▶ _RECORD SET_
* * * * *
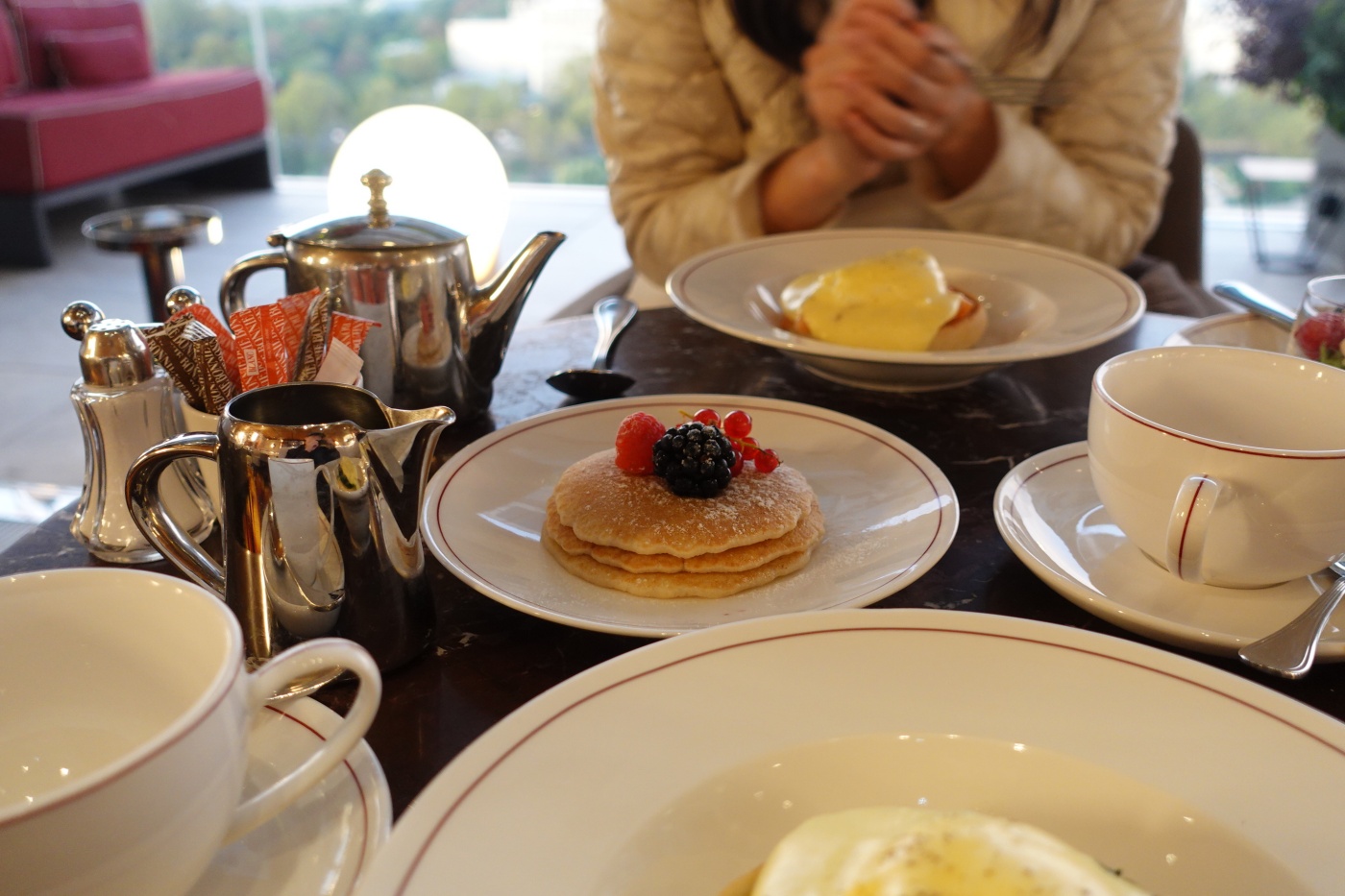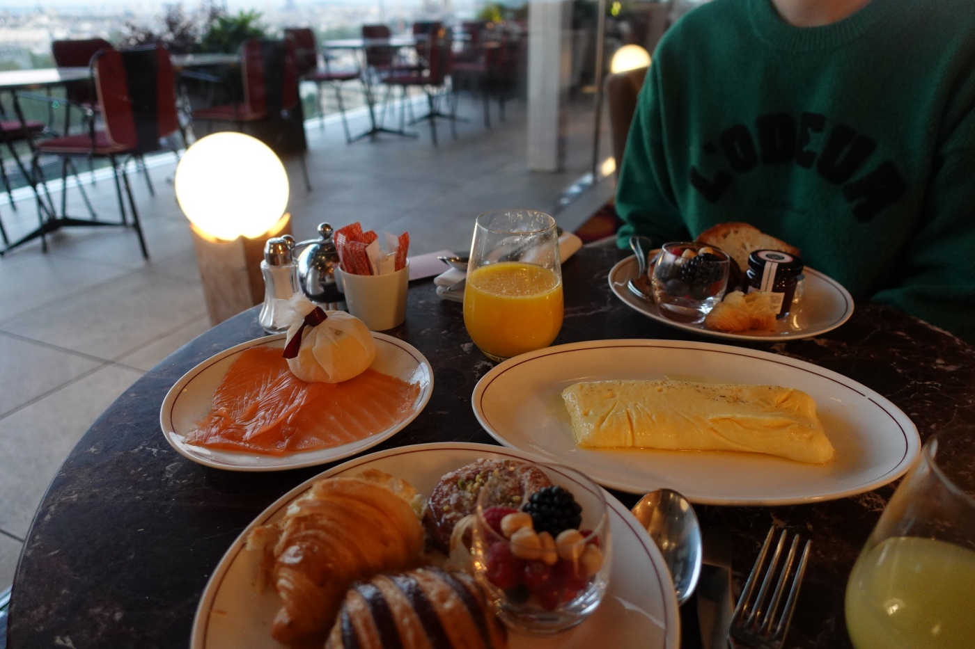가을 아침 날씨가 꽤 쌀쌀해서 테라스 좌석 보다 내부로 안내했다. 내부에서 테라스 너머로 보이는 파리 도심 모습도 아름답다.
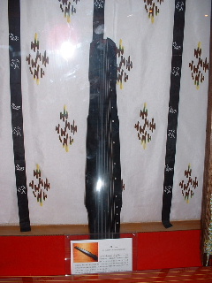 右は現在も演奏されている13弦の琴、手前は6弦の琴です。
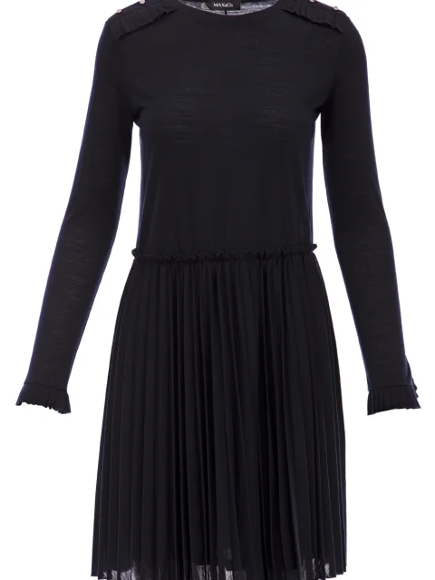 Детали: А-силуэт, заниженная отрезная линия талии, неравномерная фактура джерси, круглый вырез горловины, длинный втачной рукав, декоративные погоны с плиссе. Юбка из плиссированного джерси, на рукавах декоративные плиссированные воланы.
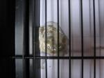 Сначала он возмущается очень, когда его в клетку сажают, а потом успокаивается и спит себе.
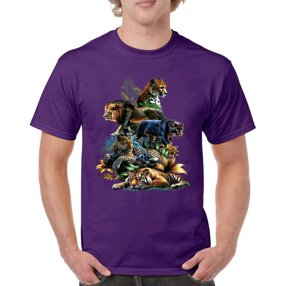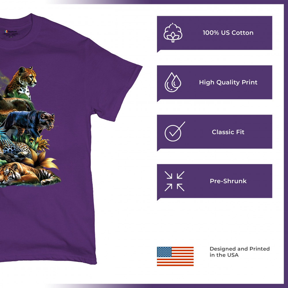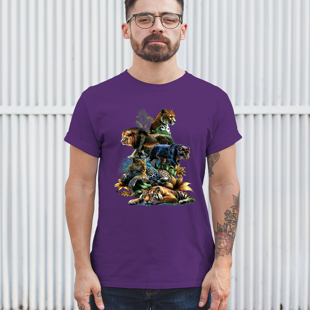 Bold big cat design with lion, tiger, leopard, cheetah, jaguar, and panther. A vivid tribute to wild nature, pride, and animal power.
* * * * *
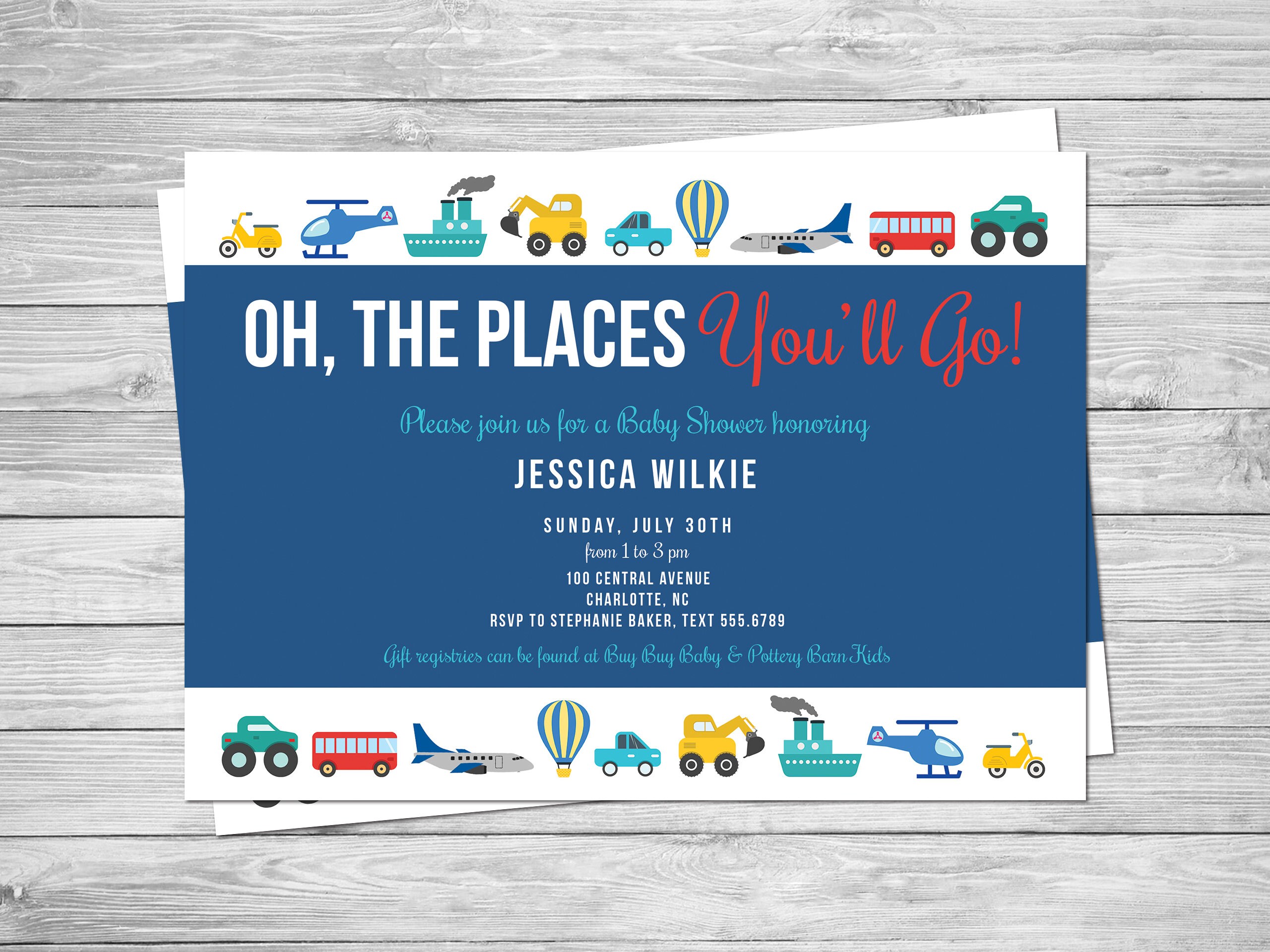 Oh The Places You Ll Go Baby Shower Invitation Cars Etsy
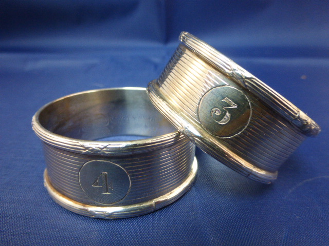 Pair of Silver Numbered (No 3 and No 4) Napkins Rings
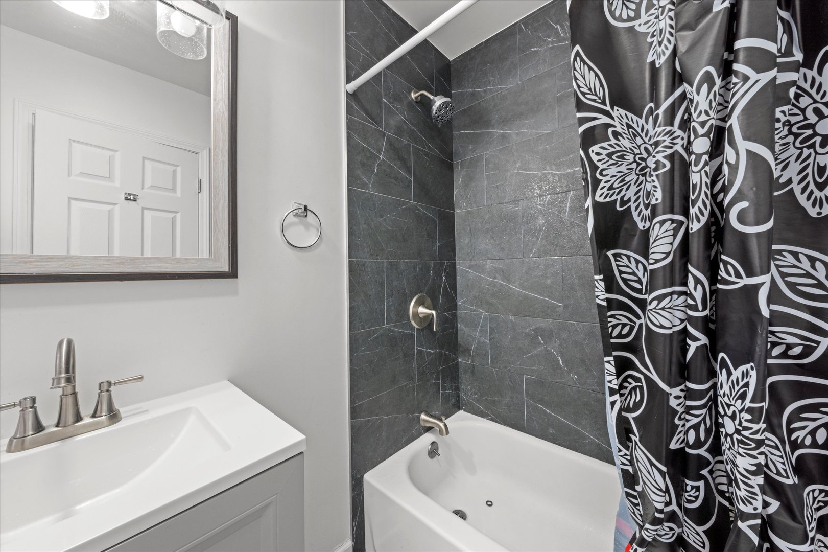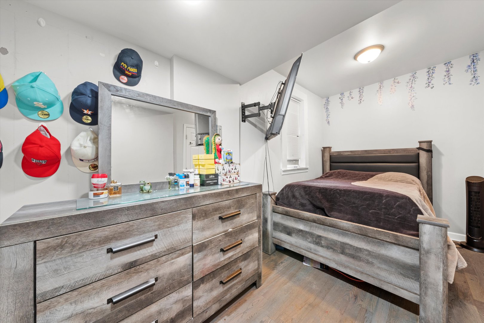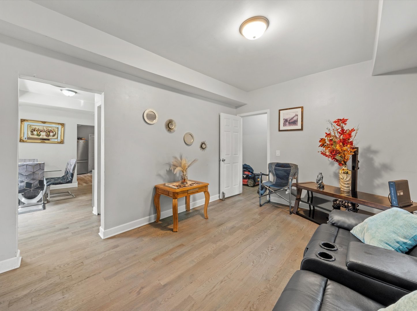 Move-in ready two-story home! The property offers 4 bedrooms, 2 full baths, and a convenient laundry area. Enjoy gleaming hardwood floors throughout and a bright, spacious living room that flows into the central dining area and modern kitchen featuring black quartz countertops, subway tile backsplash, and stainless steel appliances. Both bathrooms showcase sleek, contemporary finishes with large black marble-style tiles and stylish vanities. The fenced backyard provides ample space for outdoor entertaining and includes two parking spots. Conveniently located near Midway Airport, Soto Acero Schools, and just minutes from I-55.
* * * * *
With the pictures left out, write out exactly the lines above from the one containing "Детали: А-силуэт, заниженная" through the one containing "Bold big cat".

 Детали: А-силуэт, заниженная отрезная линия талии, неравномерная фактура джерси, круглый вырез горловины, длинный втачной рукав, декоративные погоны с плиссе. Юбка из плиссированного джерси, на рукавах декоративные плиссированные воланы.
 Сначала он возмущается очень, когда его в клетку сажают, а потом успокаивается и спит себе.
 Bold big cat design with lion, tiger, leopard, cheetah, jaguar, and panther. A vivid tribute to wild nature, pride, and animal power.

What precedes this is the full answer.